-- DATASET EXTRACT follows --

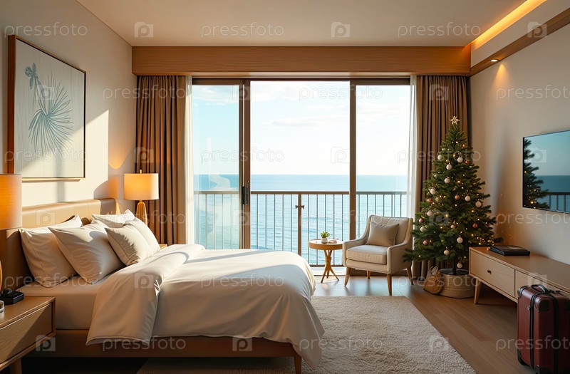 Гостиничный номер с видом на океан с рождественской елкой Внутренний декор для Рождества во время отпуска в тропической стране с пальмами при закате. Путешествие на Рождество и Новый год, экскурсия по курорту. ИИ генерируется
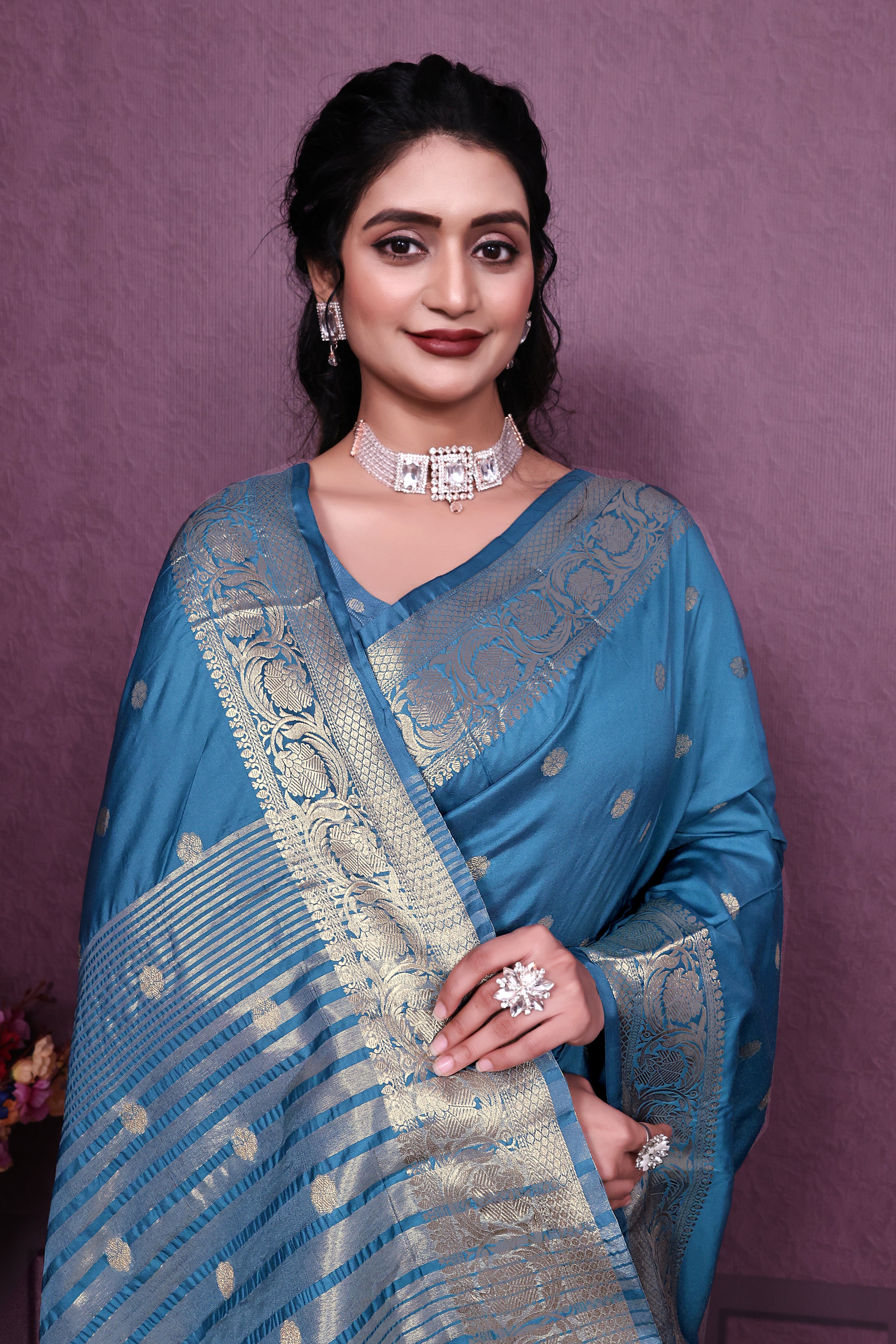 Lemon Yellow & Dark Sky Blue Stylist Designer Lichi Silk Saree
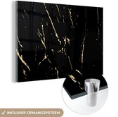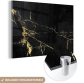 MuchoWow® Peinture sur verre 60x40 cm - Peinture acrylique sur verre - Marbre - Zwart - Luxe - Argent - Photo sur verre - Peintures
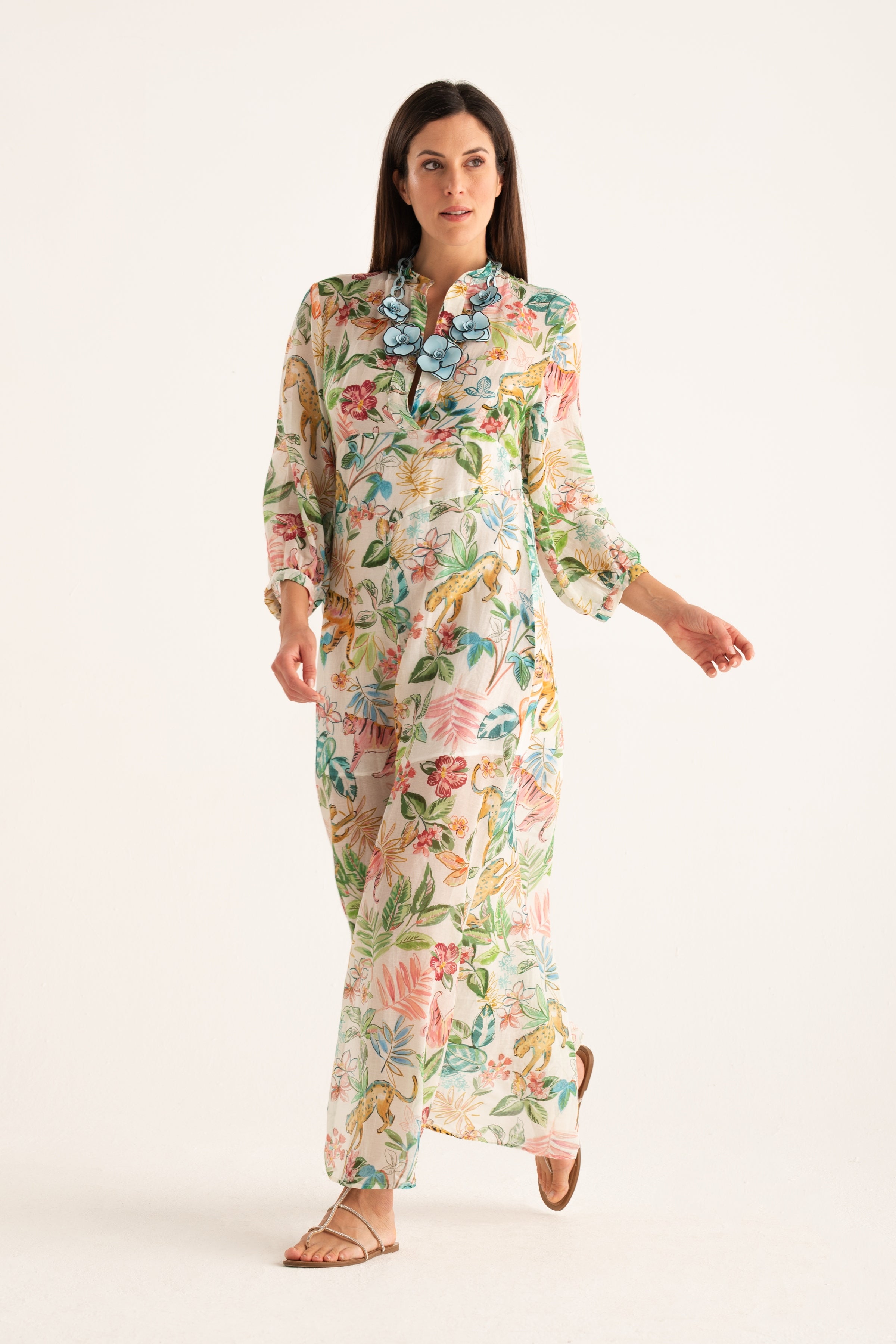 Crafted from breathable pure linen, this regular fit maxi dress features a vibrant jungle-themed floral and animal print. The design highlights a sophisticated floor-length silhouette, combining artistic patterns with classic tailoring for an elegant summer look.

-- DATASET EXTRACT concluded --
-- DATASET EXTRACT follows --

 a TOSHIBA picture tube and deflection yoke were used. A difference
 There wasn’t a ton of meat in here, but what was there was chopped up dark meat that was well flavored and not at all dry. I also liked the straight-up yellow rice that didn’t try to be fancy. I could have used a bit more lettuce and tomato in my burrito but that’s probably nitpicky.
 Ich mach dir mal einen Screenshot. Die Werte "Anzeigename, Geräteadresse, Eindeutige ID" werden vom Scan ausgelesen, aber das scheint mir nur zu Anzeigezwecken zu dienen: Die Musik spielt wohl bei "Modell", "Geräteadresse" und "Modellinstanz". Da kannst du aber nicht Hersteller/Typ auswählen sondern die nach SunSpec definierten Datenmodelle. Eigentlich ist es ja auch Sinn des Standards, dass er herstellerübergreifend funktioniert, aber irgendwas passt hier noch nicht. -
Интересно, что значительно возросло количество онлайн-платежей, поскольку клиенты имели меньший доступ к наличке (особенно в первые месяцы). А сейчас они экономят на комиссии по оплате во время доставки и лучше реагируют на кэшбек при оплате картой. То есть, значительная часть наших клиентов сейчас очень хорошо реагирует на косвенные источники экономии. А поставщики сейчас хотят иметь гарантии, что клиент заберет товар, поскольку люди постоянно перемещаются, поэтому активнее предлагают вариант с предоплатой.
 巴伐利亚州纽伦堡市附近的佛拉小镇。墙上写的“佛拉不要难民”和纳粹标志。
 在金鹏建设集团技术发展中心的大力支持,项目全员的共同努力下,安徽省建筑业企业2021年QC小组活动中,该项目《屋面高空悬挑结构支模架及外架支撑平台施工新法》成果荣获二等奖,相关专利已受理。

-- DATASET EXTRACT concluded --

## EXERCISE BRIEF
What are the lines, exactly as written above, from the line with "There wasn’t a" to the line with "Ich mach dir", both included? Output only those.

## SOLUTION FOR THIS PROBLEM
 There wasn’t a ton of meat in here, but what was there was chopped up dark meat that was well flavored and not at all dry. I also liked the straight-up yellow rice that didn’t try to be fancy. I could have used a bit more lettuce and tomato in my burrito but that’s probably nitpicky.
 Ich mach dir mal einen Screenshot. Die Werte "Anzeigename, Geräteadresse, Eindeutige ID" werden vom Scan ausgelesen, aber das scheint mir nur zu Anzeigezwecken zu dienen: Die Musik spielt wohl bei "Modell", "Geräteadresse" und "Modellinstanz". Da kannst du aber nicht Hersteller/Typ auswählen sondern die nach SunSpec definierten Datenmodelle. Eigentlich ist es ja auch Sinn des Standards, dass er herstellerübergreifend funktioniert, aber irgendwas passt hier noch nicht. -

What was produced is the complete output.